THE DATA section start
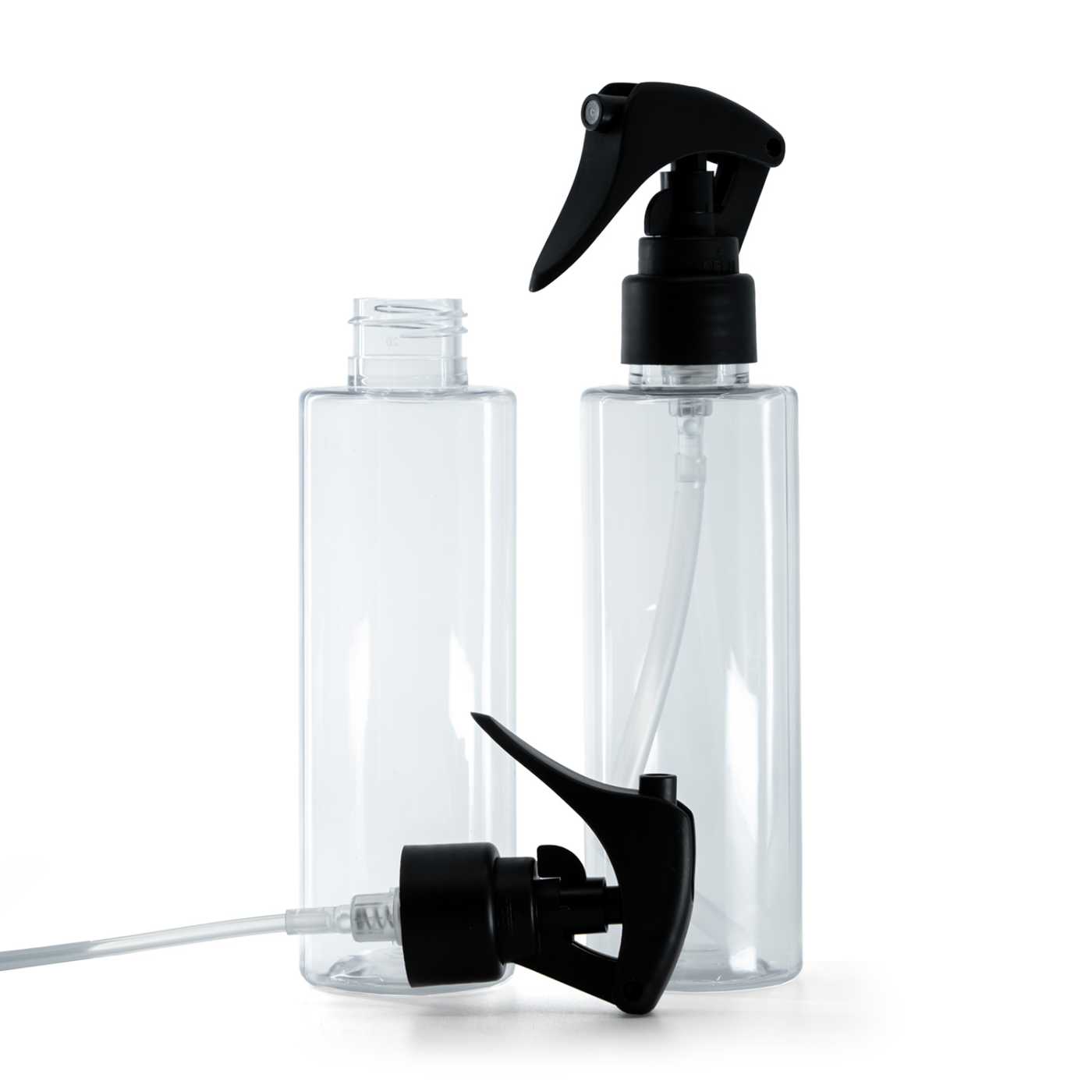Plastová fľaša priehľadná, matný čierny pákový rozprašovač, hladká obruč, 150 ml
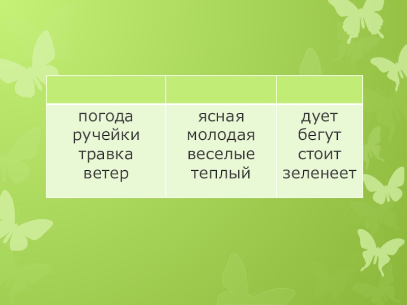 Погода, ясная, ручейки, дует, травка, молодая, бегут, стоит, веселые, зеленее, ветер, теплый.
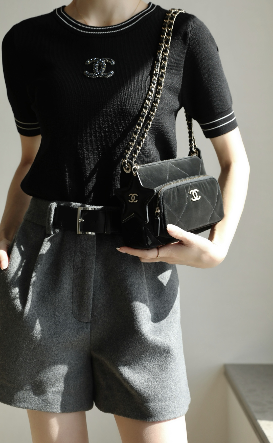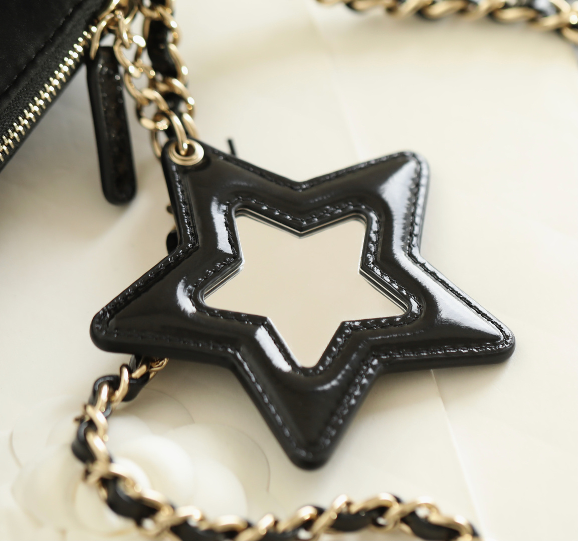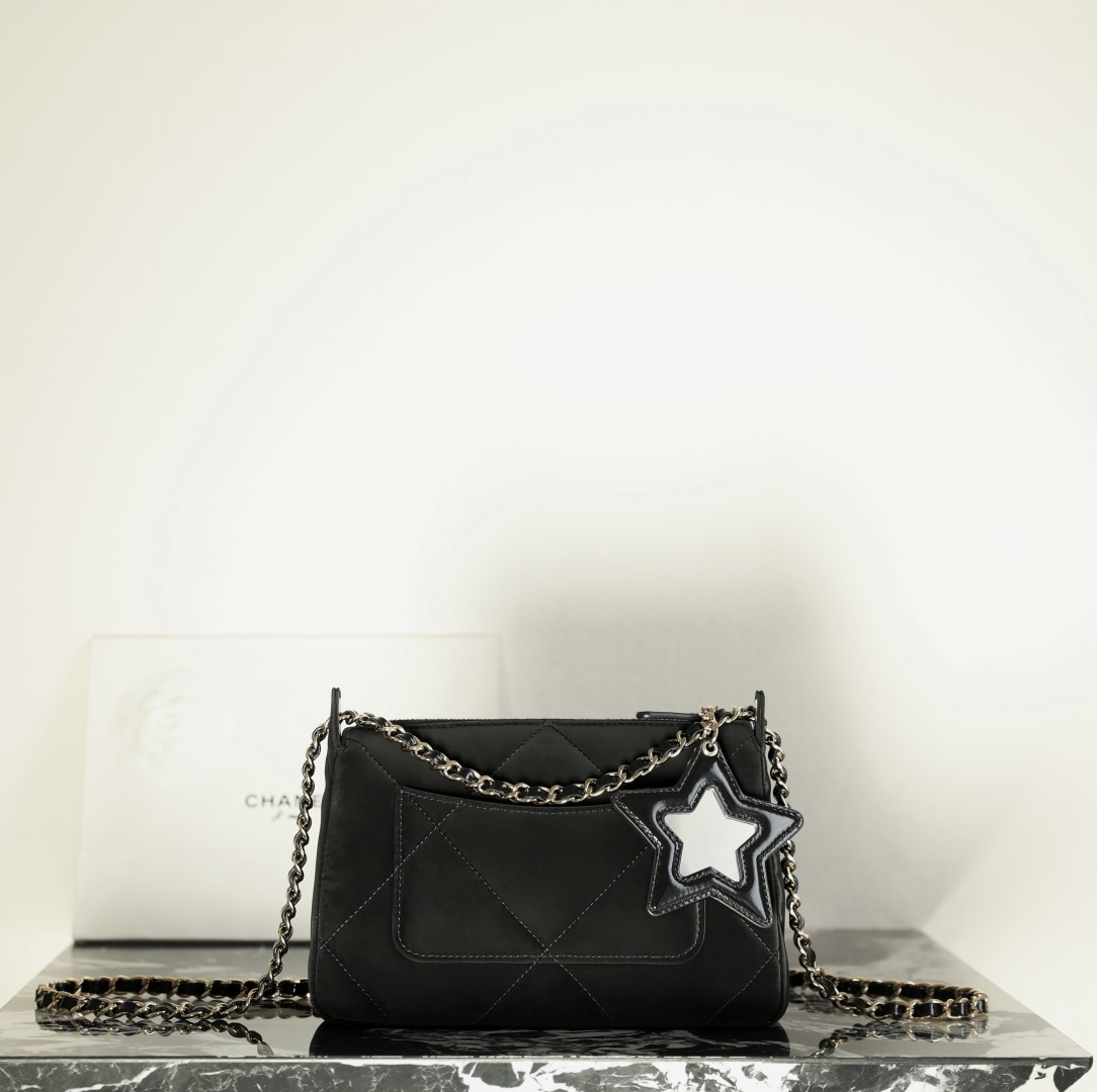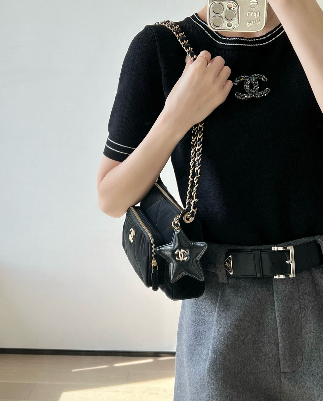 𝟮𝟱𝗡全新𝗖𝗼𝗰𝗼 𝗡𝗲𝗶𝗴𝗲滑雪系列 星星挂饰相机包黑色♥ 专柜售价𝟥𝟣𝟧𝟢𝟢𝗋𝗆𝖻购入开发~ 火热上线𝖢𝗈𝖼𝗈𝖭𝖾𝗂𝗀𝖾链条小挎包 直接把甜酷氛围感焊在身上了! 软乎乎的,摸起来像云朵一样☁️ 丝绒面料配上星星挂饰小镜子🪞 瞬间戳中少女心又带点拽姐范儿~ 五金:厚镀𝟣𝟦𝖪淡金扣 皮料:定制丝光绸面料 尺寸:𝟣𝟧*𝟤𝟣*𝟩.𝟨 𝖼𝗆
THE DATA section end
_WORK TASK_: Would you output the listing above verbatim, without its pictures?

_WRITTEN REPLY_:
Plastová fľaša priehľadná, matný čierny pákový rozprašovač, hladká obruč, 150 ml
 Погода, ясная, ручейки, дует, травка, молодая, бегут, стоит, веселые, зеленее, ветер, теплый.
 𝟮𝟱𝗡全新𝗖𝗼𝗰𝗼 𝗡𝗲𝗶𝗴𝗲滑雪系列 星星挂饰相机包黑色♥ 专柜售价𝟥𝟣𝟧𝟢𝟢𝗋𝗆𝖻购入开发~ 火热上线𝖢𝗈𝖼𝗈𝖭𝖾𝗂𝗀𝖾链条小挎包 直接把甜酷氛围感焊在身上了! 软乎乎的,摸起来像云朵一样☁️ 丝绒面料配上星星挂饰小镜子🪞 瞬间戳中少女心又带点拽姐范儿~ 五金:厚镀𝟣𝟦𝖪淡金扣 皮料:定制丝光绸面料 尺寸:𝟣𝟧*𝟤𝟣*𝟩.𝟨 𝖼𝗆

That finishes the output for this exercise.